Future methodological improvements for MYBAS1 detection may include:
Advanced multiplexing techniques:
Cyclic immunofluorescence (CycIF) to analyze MYBAS1 alongside multiple markers
Imaging mass cytometry for high-dimensional protein mapping
Spatial transcriptomics combined with antibody detection
Single-cell approaches:
Single-cell Western blotting for protein heterogeneity analysis
CITE-seq (Cellular Indexing of Transcriptomes and Epitopes by Sequencing) to correlate MYBAS1 protein and RNA levels
Proximity ligation assays to detect MYBAS1 interactions in situ
Microfluidic applications:
Droplet-based microfluidics for high-throughput analysis
Organ-on-chip models to study MYBAS1 in dynamic cellular environments
Microfluidic affinity chromatography for enrichment of MYBAS1-expressing cells
Emerging detection technologies:
Aptamer-based detection systems as alternatives to antibodies
Nanobody development for improved tissue penetration
CRISPR-display systems to study MYBAS1 interactions
These methodological advances would enable more precise characterization of MYBAS1's expression patterns and functional interactions in complex biological systems.
MYBAS1 research can be contextualized within the broader landscape of lncRNA studies in hematologic disorders:
Comparative expression profiling:
Pathway integration analysis:
Investigate how MYBAS1 complements or antagonizes other lncRNAs in key signaling pathways
Map MYBAS1 functions within the context of:
Cell cycle regulation networks
Apoptotic pathways
Transcriptional control mechanisms
Clinical correlation approaches:
Therapeutic targeting considerations:
Position MYBAS1 within the framework of lncRNAs being evaluated as therapeutic targets
Compare targetability to other lncRNAs with established roles in lymphomagenesis
Analyze potential for combination approaches targeting multiple lncRNAs
By integrating MYBAS1 research with the broader context of lncRNAs in hematologic disorders, researchers can identify convergent mechanisms and develop more comprehensive models of lncRNA function in disease pathogenesis .
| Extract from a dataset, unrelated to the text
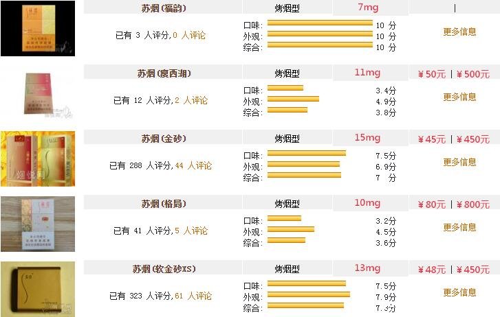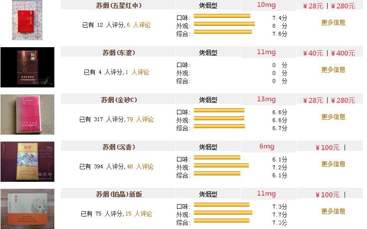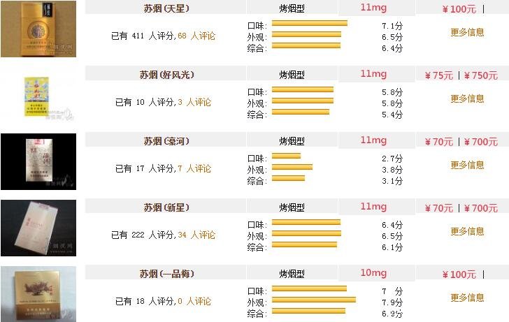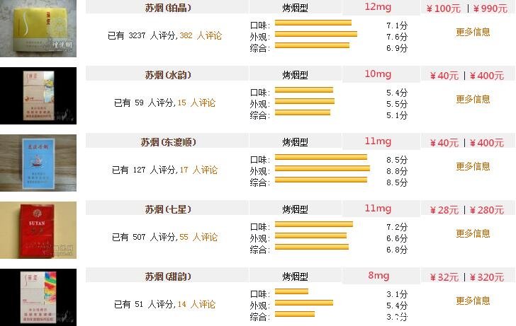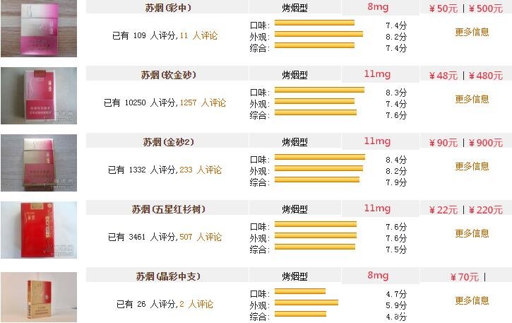 蘇煙全部系列價格表

Researchers can employ these computational methods to better understand MYBAS1 function:
Structural prediction and analysis:
RNA secondary structure prediction to identify functional domains
Molecular dynamics simulations of MYBAS1-protein interactions
Structure-based functional annotation through comparative modeling
Network-based approaches:
Co-expression network analysis to identify functional modules
Protein-RNA interaction networks to predict binding partners
Pathway enrichment analysis to contextualize MYBAS1 within cellular processes
Machine learning applications:
Supervised learning models to predict MYBAS1 targets based on sequence features
Deep learning approaches to integrate multi-omics data
Natural language processing of literature to identify emerging functional connections
Systems biology integration:
Genome-scale metabolic modeling to predict metabolic impacts
Agent-based modeling of cellular responses to MYBAS1 perturbation
Multi-scale modeling to connect molecular interactions to cellular phenotypes
These computational approaches can guide experimental design and help interpret complex experimental results, providing a more comprehensive understanding of MYBAS1 function in biological systems.